На стене перед столом были наклеены разные курьезы из иллюстрированных журналов, ругательные рецензии, а также заголовок газеты „Накануне“ с переставленными буквами, так что получалось не „Накануне“, а „Нуненака“» (В. Катаев. «Алмазный мой венец»).
Что за обстановка была в комнате в момент вселения Булгаковых и в последующие год-полтора?
«В комнате этой была уже мебель – два шкафчика, письменный стол ореховый, диван, большое зеркало… Была даже кое-какая посуда – супник белый. А ели мы сначала на белом кухонном шкафчике. Потом однажды я шла по Москве и слышу: „Тасенька, здравствуй!“ Это была жена саратовского казначея. Она позвала меня к себе: „Пойдем – у меня же твоя родительская мебель“. Оказывается, она вывезла из Саратова мебель, в том числе стол родителей. Стол был ореховый, овальный, на гнутых ножках (он стоял в квартире T. Н. до ее смерти, но обезображенный в последующей ее жизни соседом, отпилившим в приступе ярости у стола две ножки… – М. Ч.). Мы пошли с Михаилом, ему стол очень понравился, и мы его взяли и взяли еще наше собрание сочинений Данилевского в хороших переплетах… Стол был бабушки со стороны отца, а ей достался от кого-то из предков… Потом мы купили длинную книжную полку – боковинами ее были два сфинкса – и повесили ее над письменным столом».

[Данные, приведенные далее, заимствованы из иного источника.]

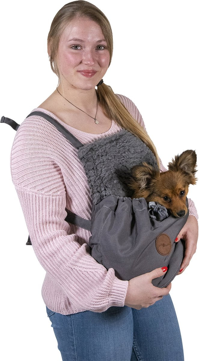 Met deze kangoeroetas draag je je hondje vooraan op de buik, waardoor je hem beter in het oog kan houden en geruststellen. Dankzij de zachte stof binnenin, de stropkoord en het haakje binnenin om je hondje vast te leggen, zit hij veilig en geborgen. De verstelbare taille- en schouderriemen zorgen voor een hoog draagcomfort.
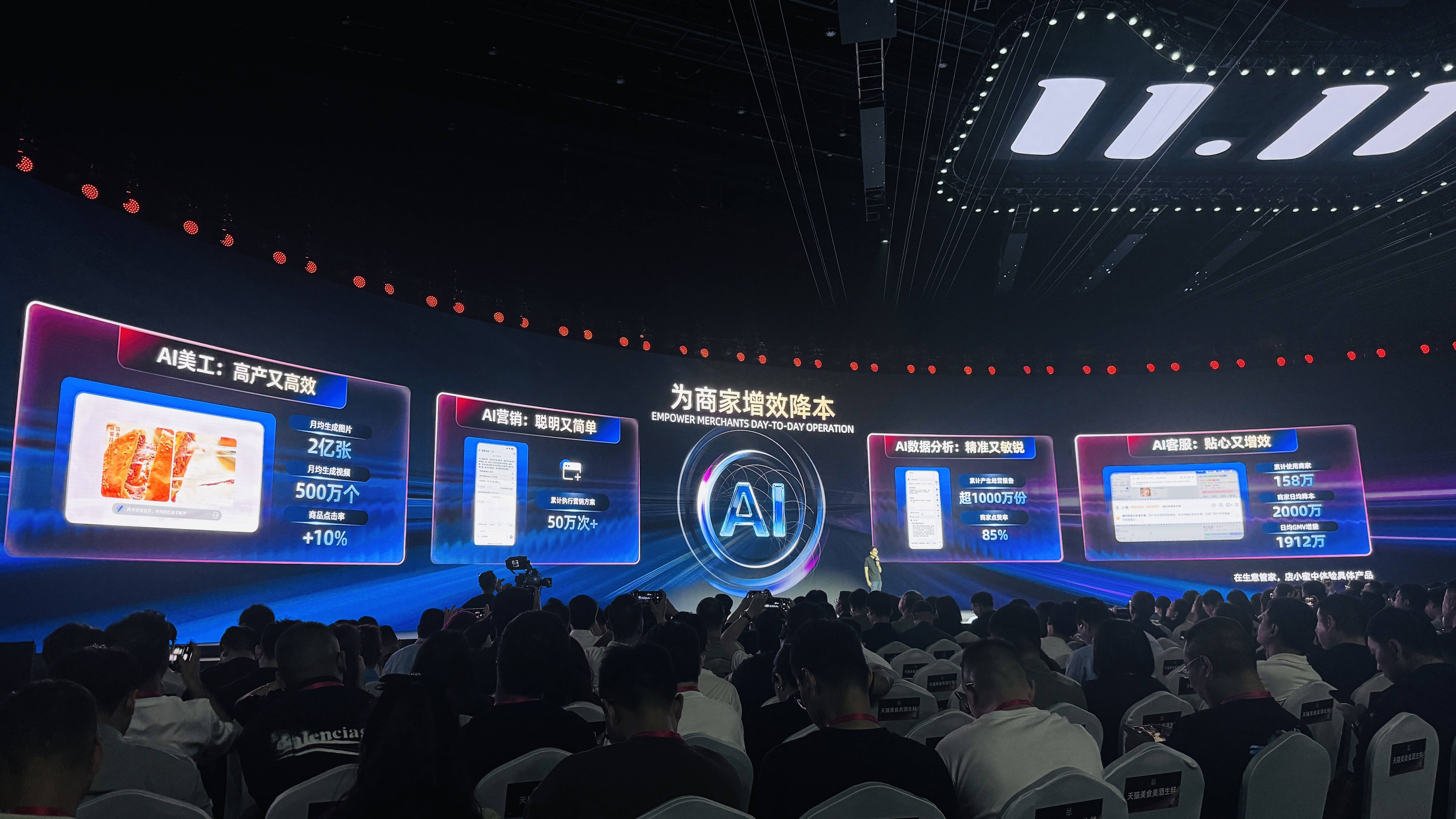 一组最新数据显示:AI美工每个月能生成2亿张图片,月均生成视频500万个,商品点击量提升10%;AI营销累计执行营销方案超50万次;AI数据分析累计产生超1000万份报告,商家点赞率达85%;AI客服累计使用商家达158万,商家日均降本2000万,日均GMV增量达1912万。

30 декабря 1922 года Булгаков пришел на заседание «Никитинских субботников» – прочесть свои «Записки на манжетах». Слушать его собрались не более двух с половиной десятков человек – круг обычных посетителей кружка: В. Вересаев, В. Дынник, В. Звягинцева, К. Липскеров; из беллетристов, уже имеющих известность, были Андрей Соболь, М. Я. Козырев, А. Я. Яковлев; пришел и маститый Василий Евграфович Чешихин-Ветринский, автор известных очерков о русских писателях и критиках, – 40-летие его литературной деятельности отмечали на предыдущем субботнике, 23 декабря, на котором Булгакова и объявили в программе следующего заседания. Здесь же был и постоянный участник «Никитинских субботников» Иван Никанорович Розанов. Пустили по гостям лист росписей, и Булгаков расписался в нем крупно, крупней всех остальных. «Михаил Афанасьевич в своем предварительном слове указывает, – записали в протоколе, – что в этих записках, состоящих из 3-х частей, изображена голодная жизнь поэта где-то на юге. Писатель приехал в Москву с определенным намерением составить себе литературную карьеру. Главы из 3-й части Михаил Афанасьевич и читает». Из этой краткой записи становится ясно, что чтение «Записок» началось с конца. Продолжено оно было только в следующем году. Неизвестно, было ли предусмотрено это продолжение заранее или об этом попросили слушатели; во всяком случае, никакого обсуждения «Записок» в этот раз не было – дальше Илья Сельвинский стал читать поэму «Рысь», и ее слушатели обсуждали. В дневнике одного из участников заседания в краткой записи о субботнике имя Булгакова названо с ошибкой: «30 дек. Субботник Никит. Из повести Булгакова Мих. Як. „Зап. на манжетах“, „Рысь“ – поэма Сельвинского…» Хотя ошибка понятна – подвернулось под руку имя давно знакомого всем секретаря «субботников» Михаила Яковлевича Козырева, но все же она характерна: Булгакова в Москве не знают.
2
…Итак, пошел январь 1923 года. Стояла вторая московская зима Булгакова. К северному климату он привыкал с трудом – недаром в очерке «Москва 20-х годов» так вспомнит впоследствии свои первые здешние впечатления: «Был совершенно невероятный, какого никогда даже не бывает, мороз».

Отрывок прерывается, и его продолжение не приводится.